◆ **Problem description**
Please write out the entire listing below exactly, excluding its pictures.

◆ **Supplied entries**
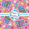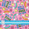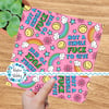 Not a Single Fuck to Give sweary rainbows, flowers and happy faces on pink.
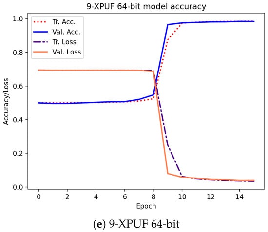 Table 3 shows the attacking results on simulated CRPs for our method (indicated by E) and the results from methods in other studies. The column Tr. CRPs in the table contains the number of CRPs used in training, and the column Tr. Time is the average training time for breaking an XPUF with PUF parameters being given in columns 1 and 2. The other methods we compared our method against include that of Tobisch & Becker [20] (indicated by A), Ruhrmair et al. [15] (indicated by B), Aseeri et al. [19] (indicated by C), and Santikellur et al. [17] (indicated by D). Please note that none of the prior research achieved a high attacking accuracy with a 100% success rate for 9-XPUF (Method A has a success rate of 25%, as shown by Table 2 shown in [20]). Among all the listed methods, Method B reported the smallest size of trained CRPs, but their training time was relatively large. Method A employs parallel computing with 16 cores, and the training times of Method A listed in Table 3 were multiplied by 16 of those in [20] in order to be consistent with the sequential training times by others. We were able to break the 5-XPUFs and 6-XPUFs with CRP sizes that were less than those needed by Methods A, C, and D while being close to those needed by Method B, but our method incurs much shorter training times. Method C was reported to be applied n-XPUF with n up to 8 and the maximum n for Methods B and D was 6. Accordingly, for large n, Method A and E were applied to 8-XPUFs and 9-XPUFs. Our method converges with 680K CRPs for 7-XPUFs, 1.7 million CRPS for 8-XPUFs, and a very low number of 4.2 million CRPs for 9-XPUFs as compared with that needed by Method A. Additionally, it is worth mentioning that, for each CRP set of 4.2 million we tested and for each of the 5 runs, our method successfully broke the 9-XPUF, a 100% success rate, while Method A has a 25% success rate with 250 million CRPs. We also plotted the average loss function values and average accuracies of training and validation in the training process in Figure 5. The losses and accuracies were plotted over the epochs for the XPUFs, with XOR size ranging from 5 to 9.
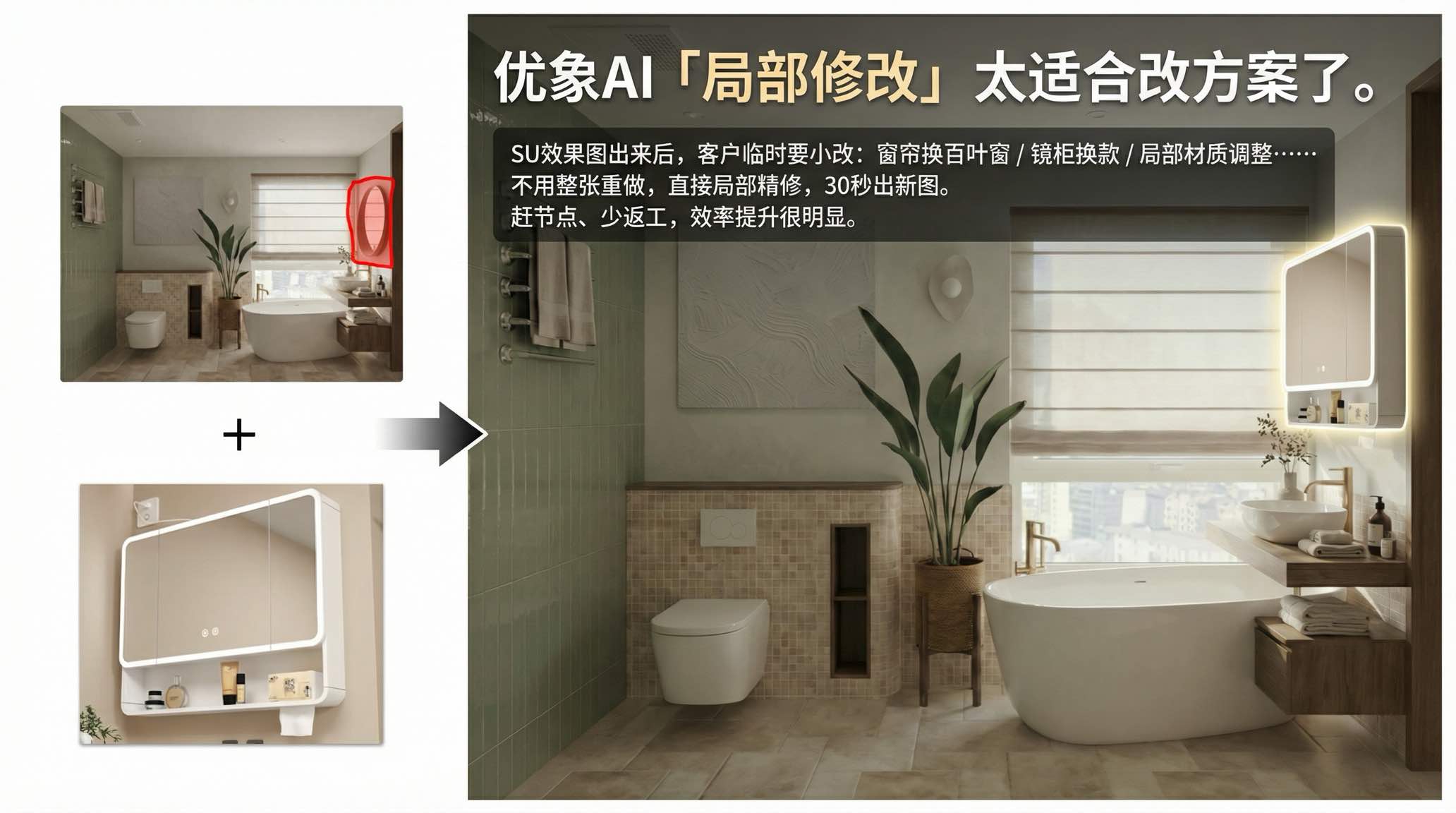 SU效果图定稿后,客户临时提出小改需求——软装替换、家具换款、局部材质调整……无需整张推翻重做,AI精准识别局部区域,30秒智能精修出新图。赶节点不慌,少返工不烦,改图效率肉眼可见提升。
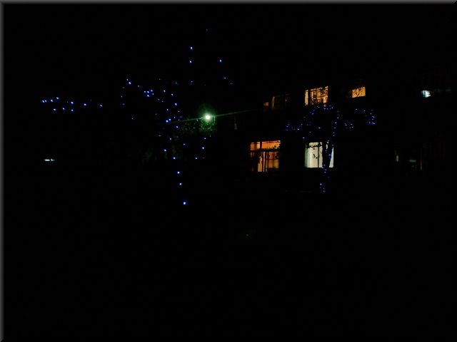 続いて、我が家のリビングから見えるリンゴの木にブルーライトを。
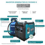 Saksa kaubamärgi “Könner & Söhnen” LPG/bensiini invertergeneraator KS 5500iEG S on mugav ja kompaktne madala müratasemega elektrienergia allikas. Selle mudeli üks peamisi omadusi on see, et see toodab elektrivoolu puhta siinuslainega.
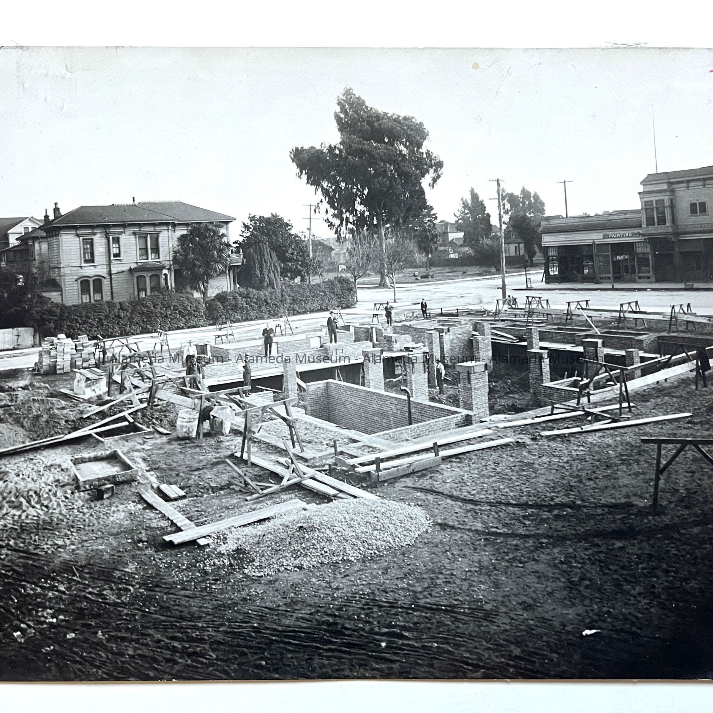 THIS PARTICULAR PHOTOGRAPH ILLUSTRATES THE MEN WORKING ON THE FOUNDATION. THE TAYLOR EUCALYPTUS CAN BE SEEN IN THE CENTER OF THE PHOTOGRAPH, SOUTH EAST CORNER CENTRAL AVENUE AND PARK AVENUE.
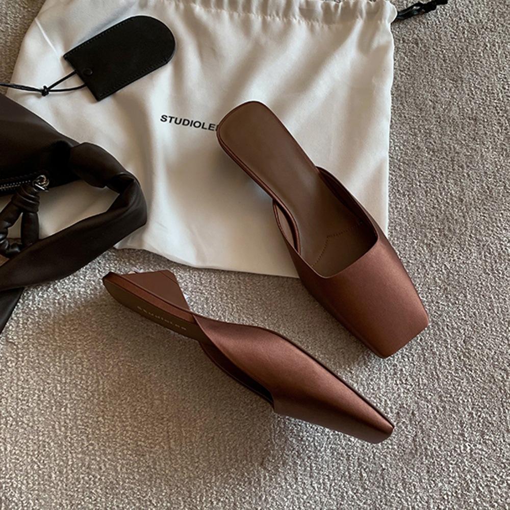 Trendige französische Satin-Muller-Schuhe mit dreieckigem Absatz, neue Katzenabsatz-Tasche, halber Drag-Stil, coole Damen-Slipper
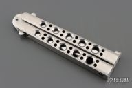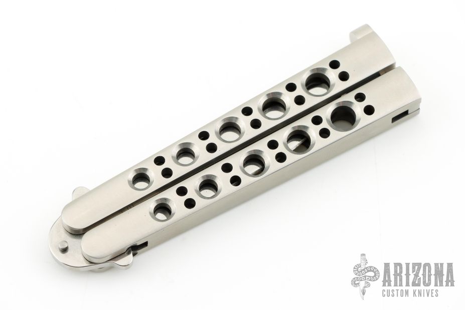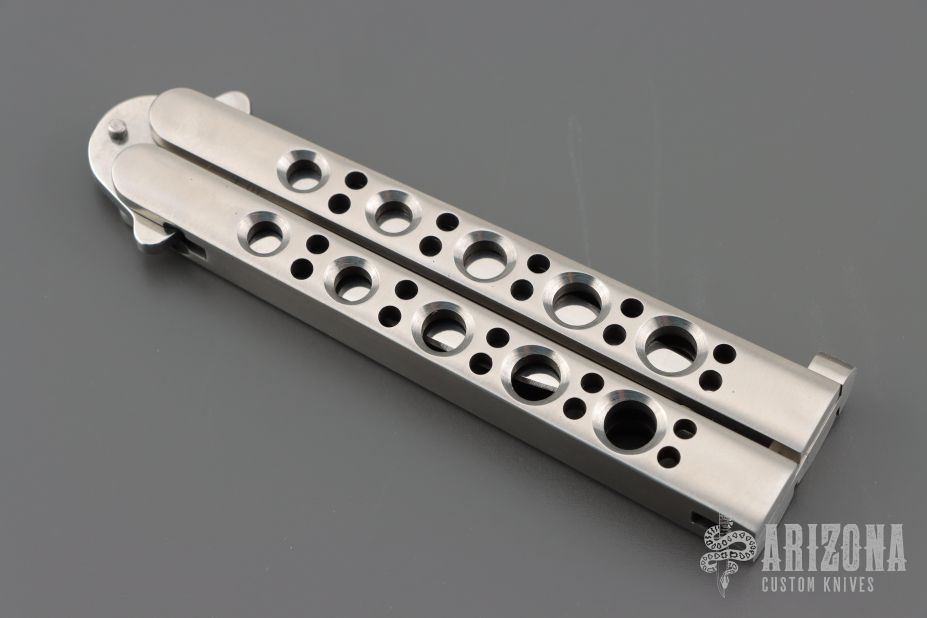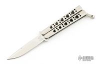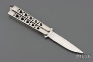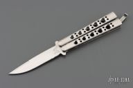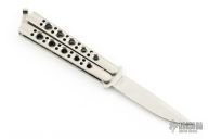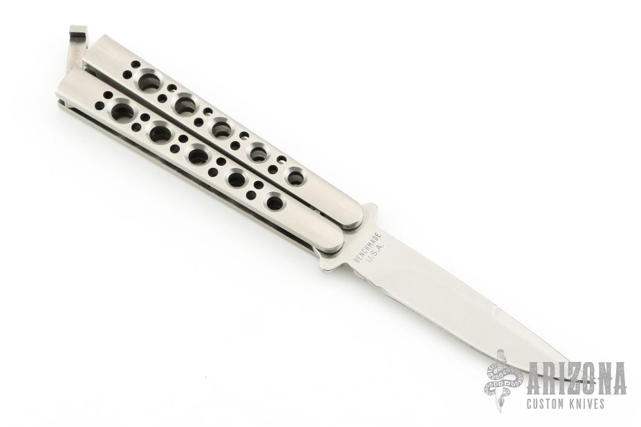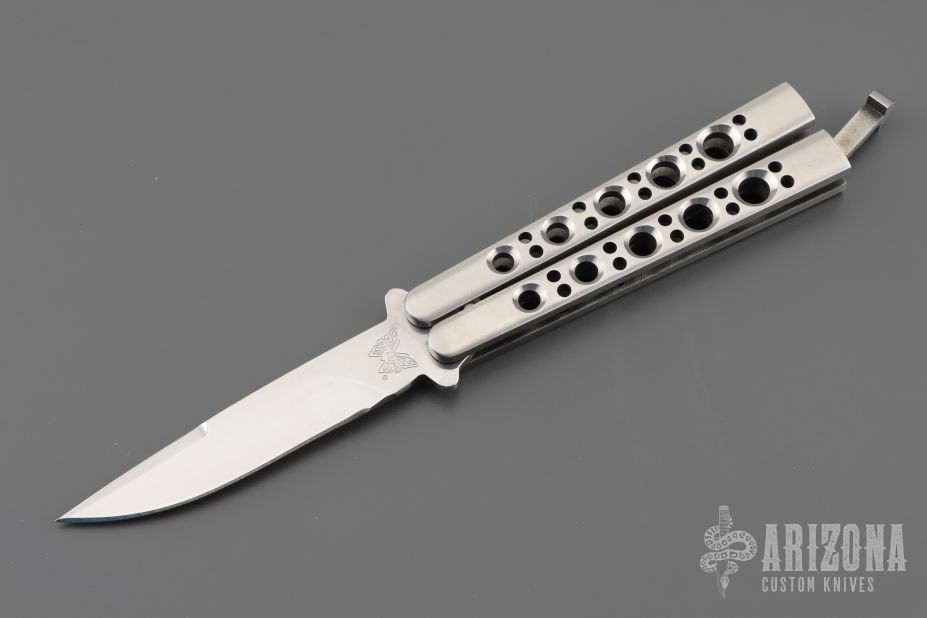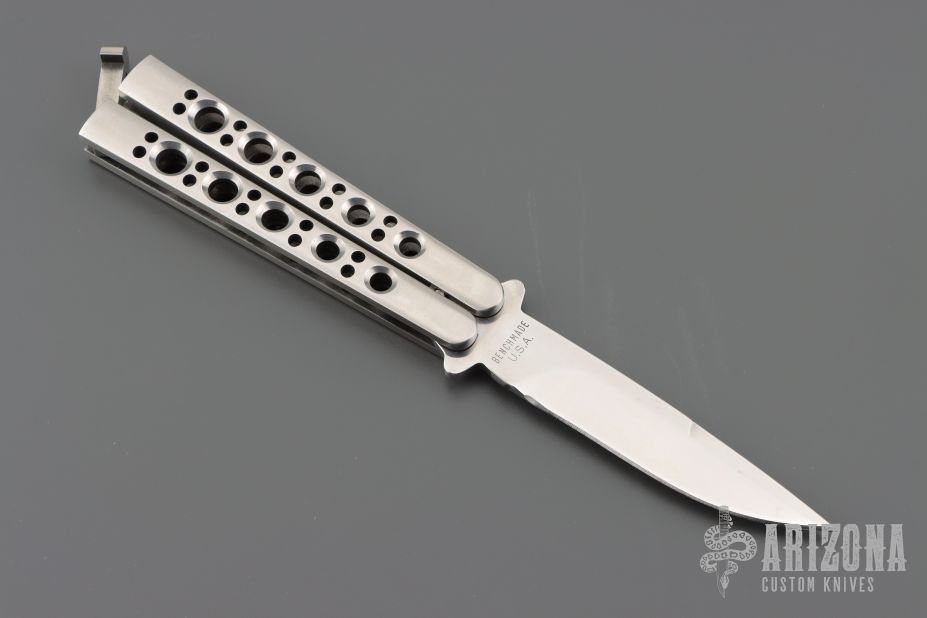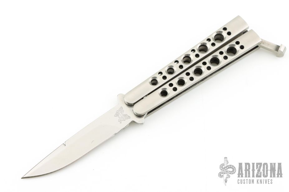 This vintage Model 35S Balisong from Benchmade features a polished drop point blade. The handle is comprised of integral steel construction. T latch on pommel. Comes with original box, papers, and nylon sheath. Has a couple light scratches, excellent condition otherwise.
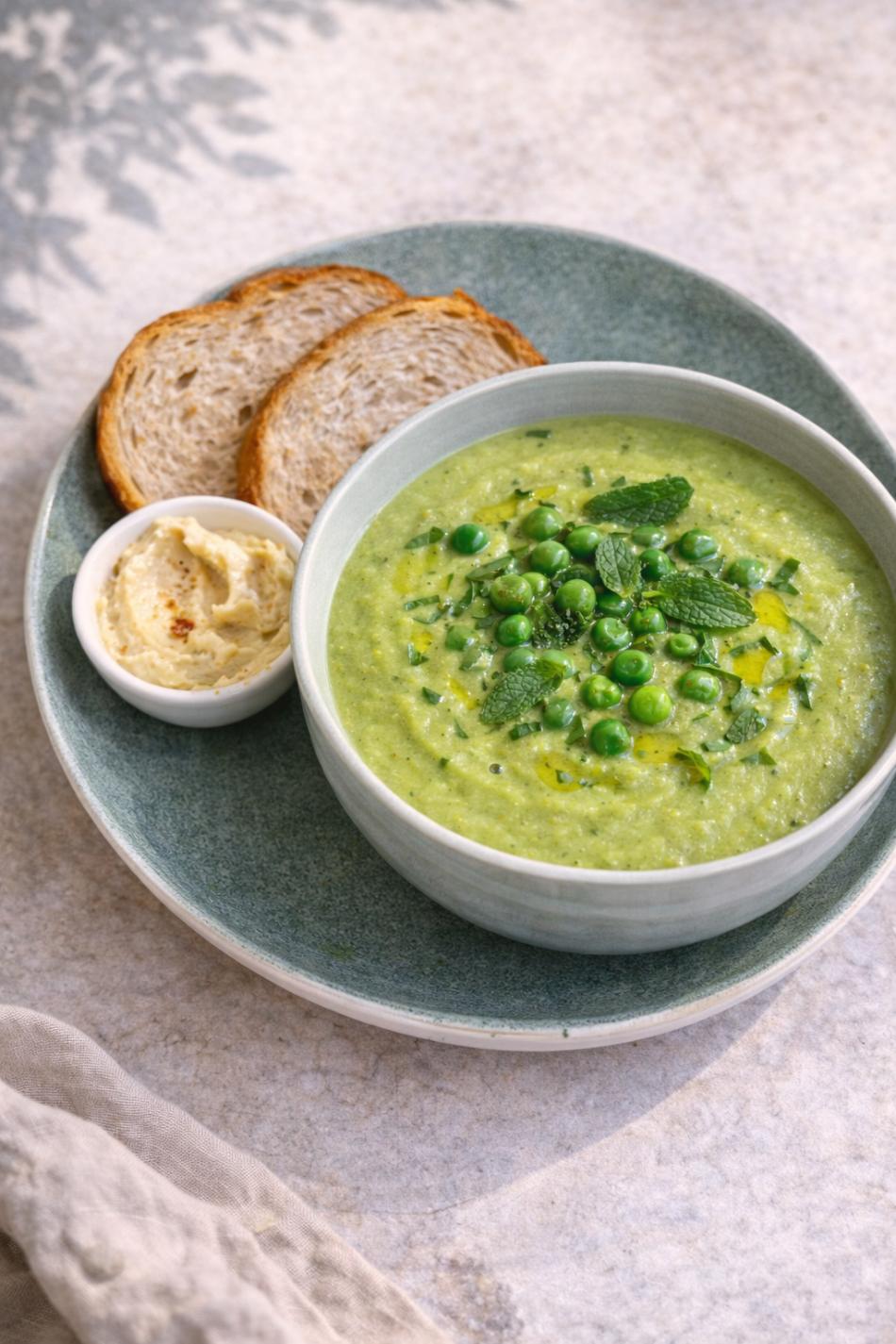 Tagessuppe – Grüne Erbsen-Minz-Suppe, serviert mit Brot und Hummus
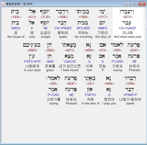 영어NASB,4 And when the days of mourning for him were past, Joseph spoke to the household of Pharaoh, saying, "If now I have found favor in your sight, please speak to Pharaoh, saying,
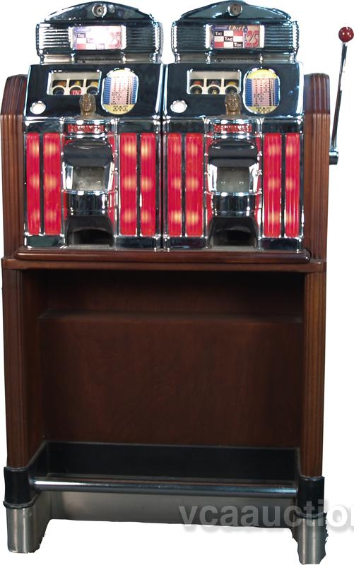 25 Cent Jennings Double Chief TIC-TAC-TOE Jackpot Light-Up Slot Machine's, 2 machines on double slot machine stand w/ keys
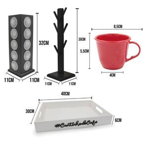 Kit 6 xicara porta capsulas para dolce gusto bandeja acrílico cores Cor xícaras: variada Composição do kit;6 xícaras1 bandeja1 suporte de xícaras1 porta capsulas para nespressoXícara 85ml acrílica As xícaras são muito bonitas e esse acrílico traz um charme a mais ao produto, deixando-o mais decorativo para a hora do café. Você pode usar em casa ou no escritório, ter sempre à mão sua xícara para tomar aquele cafezinho, capuccino e até um chocolate quente se estiver com vontade. Capacidade 85mlMaterial - acrílicoAltura - 5,5 cmLargura - 8,5 cm Bandeja cantinho do café versátil e multiuso Feita em mdf de 6mm com pintura em tinta acrílica na cor preta ela é ideal para organizar o seu lar, servir um cafezinho para os amigos, organizar papeis de escritório entre diversas outras utilidades. Bandeja versátil de qualidade, combinando com todos os ambientes no qual estiver Suas medias são40x30x6 externa 38,5 x 28,5 x 5,5 na parte interna Possui as laterais vazadas como uma alça. Suporte porta xícara caneca em 6 pinos xicaras Esse é o produto ideal para decorar o seu tão especial cantinho do café ou até mesmo presentear uma pessoa querida, além da beleza o porta xicaras é feito em mdf que é muito resistente, ideal para xicaras/canecas de até 240ml. Com esse porta xicaras você vai conseguir deixar seus armários muito mais organizados. Medidas suporte:Altura: 36 cmBase: 11x11Peso: 282gMaterial de composição: madeira pinus Porta cápsula vazado a laser nespresso. O nosso porta cápsulas, guarda com segurança e deixa organizado prendendo bem a cápsula sem deixar cair produto bem desenvolvido com muito charme e tons modernos para deixar o ambiente mais bonito Esse porta cápsulas tem ar moderno que mescla os tons e veio da madeira de pinus com o local em preto aonde é encaixado as cápsulas sendo assim um da destaque ao outro organize seu canto do café com as cápsulas sempre a mão e ainda decore o seu ambiente com certeza vai ser uma peça que vai chamar a atenção e tirar elogios Feito em pinus de reflorestamento natural e de mdf com pintura em preto tinta acrílica Comporta 28 capsulas nespressoMedidas 32x10x10 O pinus é natural, não leva verniz e nem seladora. Por se tratar de madeira natural deve haver variações na tonalidade e apresentar veios da madeira em locais distintos. - entregam para todo país Quem somos

◆ **Written answer**
 Not a Single Fuck to Give sweary rainbows, flowers and happy faces on pink.
 Table 3 shows the attacking results on simulated CRPs for our method (indicated by E) and the results from methods in other studies. The column Tr. CRPs in the table contains the number of CRPs used in training, and the column Tr. Time is the average training time for breaking an XPUF with PUF parameters being given in columns 1 and 2. The other methods we compared our method against include that of Tobisch & Becker [20] (indicated by A), Ruhrmair et al. [15] (indicated by B), Aseeri et al. [19] (indicated by C), and Santikellur et al. [17] (indicated by D). Please note that none of the prior research achieved a high attacking accuracy with a 100% success rate for 9-XPUF (Method A has a success rate of 25%, as shown by Table 2 shown in [20]). Among all the listed methods, Method B reported the smallest size of trained CRPs, but their training time was relatively large. Method A employs parallel computing with 16 cores, and the training times of Method A listed in Table 3 were multiplied by 16 of those in [20] in order to be consistent with the sequential training times by others. We were able to break the 5-XPUFs and 6-XPUFs with CRP sizes that were less than those needed by Methods A, C, and D while being close to those needed by Method B, but our method incurs much shorter training times. Method C was reported to be applied n-XPUF with n up to 8 and the maximum n for Methods B and D was 6. Accordingly, for large n, Method A and E were applied to 8-XPUFs and 9-XPUFs. Our method converges with 680K CRPs for 7-XPUFs, 1.7 million CRPS for 8-XPUFs, and a very low number of 4.2 million CRPs for 9-XPUFs as compared with that needed by Method A. Additionally, it is worth mentioning that, for each CRP set of 4.2 million we tested and for each of the 5 runs, our method successfully broke the 9-XPUF, a 100% success rate, while Method A has a 25% success rate with 250 million CRPs. We also plotted the average loss function values and average accuracies of training and validation in the training process in Figure 5. The losses and accuracies were plotted over the epochs for the XPUFs, with XOR size ranging from 5 to 9.
 SU效果图定稿后,客户临时提出小改需求——软装替换、家具换款、局部材质调整……无需整张推翻重做,AI精准识别局部区域,30秒智能精修出新图。赶节点不慌,少返工不烦,改图效率肉眼可见提升。
 続いて、我が家のリビングから見えるリンゴの木にブルーライトを。
 Saksa kaubamärgi “Könner & Söhnen” LPG/bensiini invertergeneraator KS 5500iEG S on mugav ja kompaktne madala müratasemega elektrienergia allikas. Selle mudeli üks peamisi omadusi on see, et see toodab elektrivoolu puhta siinuslainega.
 THIS PARTICULAR PHOTOGRAPH ILLUSTRATES THE MEN WORKING ON THE FOUNDATION. THE TAYLOR EUCALYPTUS CAN BE SEEN IN THE CENTER OF THE PHOTOGRAPH, SOUTH EAST CORNER CENTRAL AVENUE AND PARK AVENUE.
 Trendige französische Satin-Muller-Schuhe mit dreieckigem Absatz, neue Katzenabsatz-Tasche, halber Drag-Stil, coole Damen-Slipper
 This vintage Model 35S Balisong from Benchmade features a polished drop point blade. The handle is comprised of integral steel construction. T latch on pommel. Comes with original box, papers, and nylon sheath. Has a couple light scratches, excellent condition otherwise.
 Tagessuppe – Grüne Erbsen-Minz-Suppe, serviert mit Brot und Hummus
 영어NASB,4 And when the days of mourning for him were past, Joseph spoke to the household of Pharaoh, saying, "If now I have found favor in your sight, please speak to Pharaoh, saying,
 25 Cent Jennings Double Chief TIC-TAC-TOE Jackpot Light-Up Slot Machine's, 2 machines on double slot machine stand w/ keys
 Kit 6 xicara porta capsulas para dolce gusto bandeja acrílico cores Cor xícaras: variada Composição do kit;6 xícaras1 bandeja1 suporte de xícaras1 porta capsulas para nespressoXícara 85ml acrílica As xícaras são muito bonitas e esse acrílico traz um charme a mais ao produto, deixando-o mais decorativo para a hora do café. Você pode usar em casa ou no escritório, ter sempre à mão sua xícara para tomar aquele cafezinho, capuccino e até um chocolate quente se estiver com vontade. Capacidade 85mlMaterial - acrílicoAltura - 5,5 cmLargura - 8,5 cm Bandeja cantinho do café versátil e multiuso Feita em mdf de 6mm com pintura em tinta acrílica na cor preta ela é ideal para organizar o seu lar, servir um cafezinho para os amigos, organizar papeis de escritório entre diversas outras utilidades. Bandeja versátil de qualidade, combinando com todos os ambientes no qual estiver Suas medias são40x30x6 externa 38,5 x 28,5 x 5,5 na parte interna Possui as laterais vazadas como uma alça. Suporte porta xícara caneca em 6 pinos xicaras Esse é o produto ideal para decorar o seu tão especial cantinho do café ou até mesmo presentear uma pessoa querida, além da beleza o porta xicaras é feito em mdf que é muito resistente, ideal para xicaras/canecas de até 240ml. Com esse porta xicaras você vai conseguir deixar seus armários muito mais organizados. Medidas suporte:Altura: 36 cmBase: 11x11Peso: 282gMaterial de composição: madeira pinus Porta cápsula vazado a laser nespresso. O nosso porta cápsulas, guarda com segurança e deixa organizado prendendo bem a cápsula sem deixar cair produto bem desenvolvido com muito charme e tons modernos para deixar o ambiente mais bonito Esse porta cápsulas tem ar moderno que mescla os tons e veio da madeira de pinus com o local em preto aonde é encaixado as cápsulas sendo assim um da destaque ao outro organize seu canto do café com as cápsulas sempre a mão e ainda decore o seu ambiente com certeza vai ser uma peça que vai chamar a atenção e tirar elogios Feito em pinus de reflorestamento natural e de mdf com pintura em preto tinta acrílica Comporta 28 capsulas nespressoMedidas 32x10x10 O pinus é natural, não leva verniz e nem seladora. Por se tratar de madeira natural deve haver variações na tonalidade e apresentar veios da madeira em locais distintos. - entregam para todo país Quem somos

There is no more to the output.